Dalang dan Rencana Penculikan
Terungkap bahwa penculikan sadis ini didalangi oleh Ken alias C, yang berniat jahat untuk mencuri dana dari rekening dormant di bank. Untuk mengeksekusi rencana ambisiusnya ini, Ken membutuhkan otorisasi dari kepala cabang bank, dan dari sanalah ia merancang penculikan dengan melibatkan sejumlah tersangka lain. Ken mengaku memperoleh informasi mengenai rekening dormant tersebut dari seseorang berinisial S. Namun, identitas S hingga kini masih samar. “Terkait rekening dormant, hasil pemeriksaan, Saudara C alias K itu mendapatkan informasi dari temannya dengan inisial S. Ini masih kita dalami dan melakukan pengejaran, karena identitasnya belum jelas disampaikan,” kata Dirkrimum Polda Metro Kombes Wira Satya Triputra pada Rabu (17/9), menegaskan upaya polisi untuk mengungkap identitas S.
Sebelum melancarkan aksinya, Ken kemudian bertemu dengan pengusaha sekaligus motivator Dwi Hartono dan tersangka AAM. Dalam pertemuan tersebut, mereka membahas dua opsi utama: memaksa korban memberikan otorisasi lalu melepaskannya, atau menggunakan kekerasan hingga berujung pada pembunuhan korban. Peristiwa tragis pun terjadi, melibatkan total 17 orang tersangka, termasuk oknum anggota TNI, yang mengejutkan publik. Sayangnya, penculikan tersebut tidak berjalan sesuai rencana awal, dan Ilham tewas saat eksekusi rencana keji itu berlangsung.
Keluarga Korban Yakin Ini Pembunuhan Berencana
Keluarga Ilham Pradipta turut hadir dan menyaksikan langsung rekonstruksi kasus yang menewaskan anggota keluarga mereka. Dari adegan demi adegan yang diperagakan, keluarga semakin yakin bahwa kasus ini merupakan tindakan pembunuhan berencana yang matang. Kakak Ilham Pradipta, Taufan Maulana, dengan tegas menyatakan bahwa salah satu poin krusial yang menunjukkan adanya unsur pembunuhan berencana adalah tidak adanya upaya sedikit pun dari para pelaku untuk menyelamatkan korban.
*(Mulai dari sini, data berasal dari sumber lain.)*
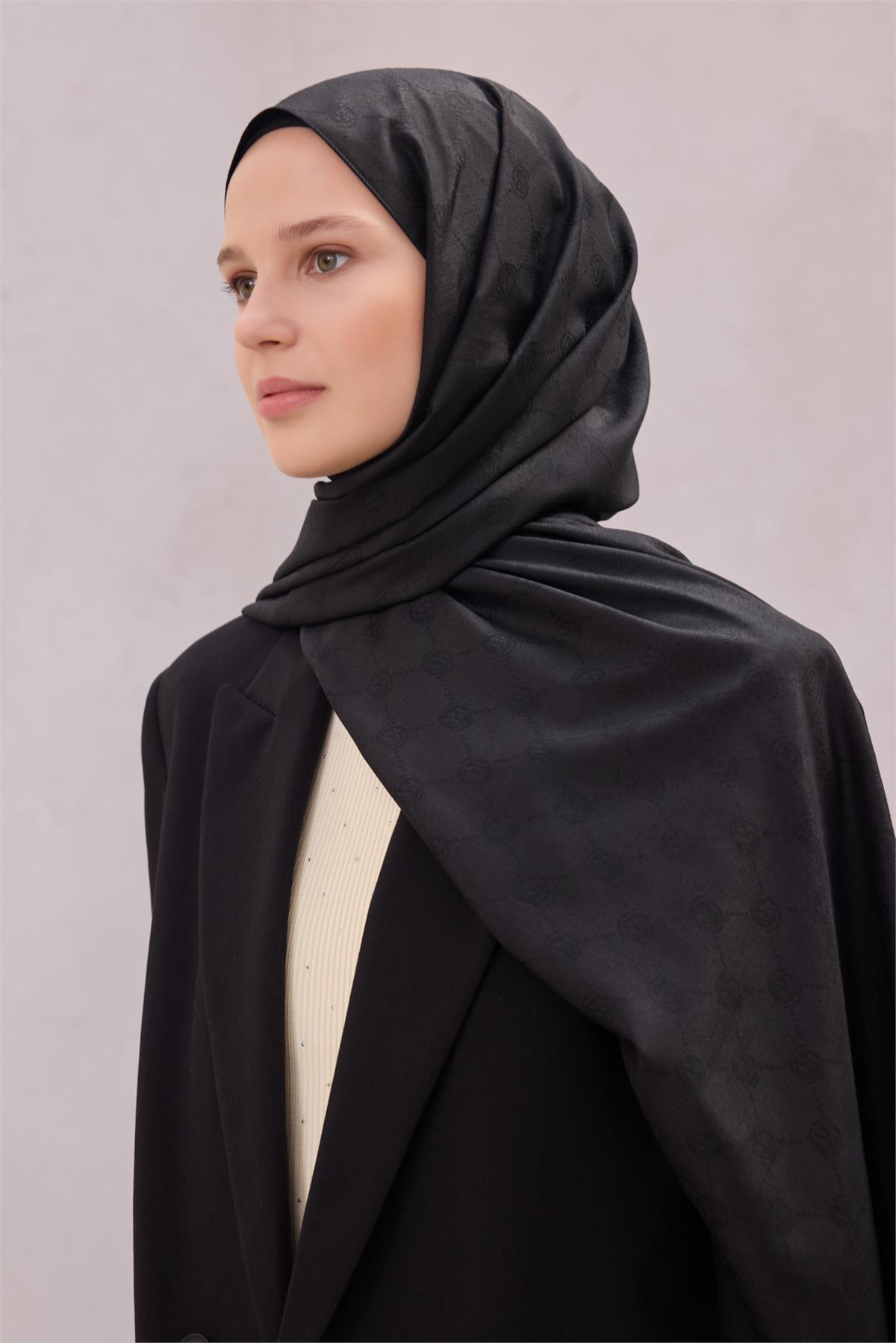 Siyah tonları farklı kombinlerle kusursuz bir uyum yakalar. Kapsül dolaplara uyumuyla uzun süre değerini koruyan bir seçimdir. Dengeli tutuşu ve pürüzsüz dokusuyla bu şal, kaliteli kumaş ve özenli doku uyumunu zarifçe yansıtır. Günlük şehir stilinden özel davetlere uzanan kombinlerde şal olarak rahatça değerlendirilebilir. Kumaş yapısını korumak için yoğun sürtünmeden kaçınılmalıdır. Imza desen dokunuşu parçanın seçkin duruşunu destekler.
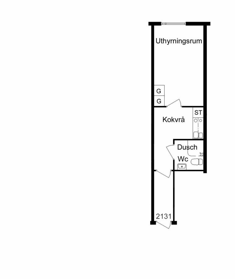 Lägenhet nr 2131 på våning 2. Denna lilla lägenhet är passande för dig som söker en övernattningslägenhet. Kokskåp med två plattor finns, ugn saknas. Förråd och balkong finns ej.
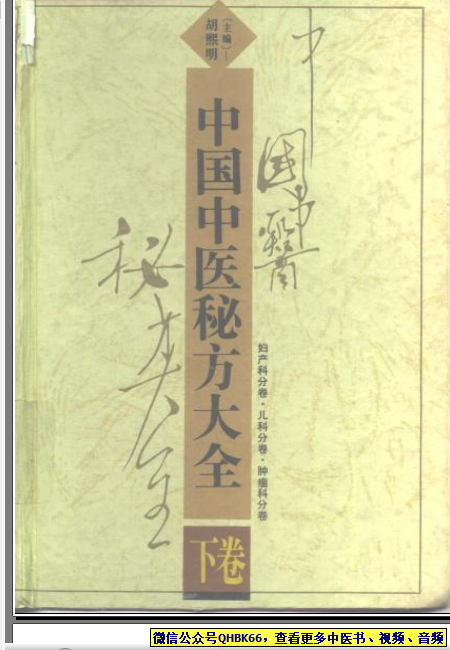 中国中医秘方大全·下本站专注中医资源,涵盖视频,音频,电子文档等等等……关注微信公众号【QHBK66】,回复对应编码,获网盘下载地址。 更多中医视频,音频,电子书等《中医超级资源库》目录,查看网址:https://qr09.cn/FDjI4p
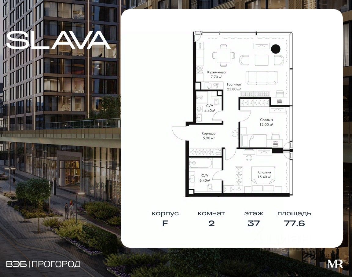 В продаже 2-комнатная квартира площадью 77.60 м² на 37-м этаже корпуса F.

“Sulit untuk mengatakan tidak ada unsur mens rea di dalam kasus ini. Karena adanya rangkaian perencanaan yang matang dan panjang serta tidak ada upaya penyelamatan kepada almarhum adik kami,” kata Taufan kepada wartawan di Polda Metro Jaya, Senin (17/11), menyoroti motif kejahatan yang kuat. Fakta lainnya, lanjut Taufan, para pelaku merencanakan penculikan dan kemudian dengan sengaja menganiaya korban secara brutal. “Teman-teman bisa melihat dan mungkin mengikuti sejak awal sampai dengan hari ini bagaimana proses dari diculiknya kemudian dianiaya. Saya bisa memastikan 99 persen pasti akan wafat. Ini hanya soal cara bagaimana menghilangkan nyawa adik saya,” ungkapnya dengan nada emosional.
Mengingat kekejian dan perencanaan yang terungkap, keluarga Ilham mendesak agar para pelaku dihukum seberat-beratnya demi keadilan dan sebagai efek jera agar kasus serupa tidak terulang di kemudian hari. “Sehingga ini tidak boleh terjadi di kemudian hari. Ketika hukumannya ringan, maka kasus-kasus seperti ini bisa terjadi lagi kepada siapa pun,” ujar Taufan, menyuarakan harapan keluarga agar hukum ditegakkan dengan tegas.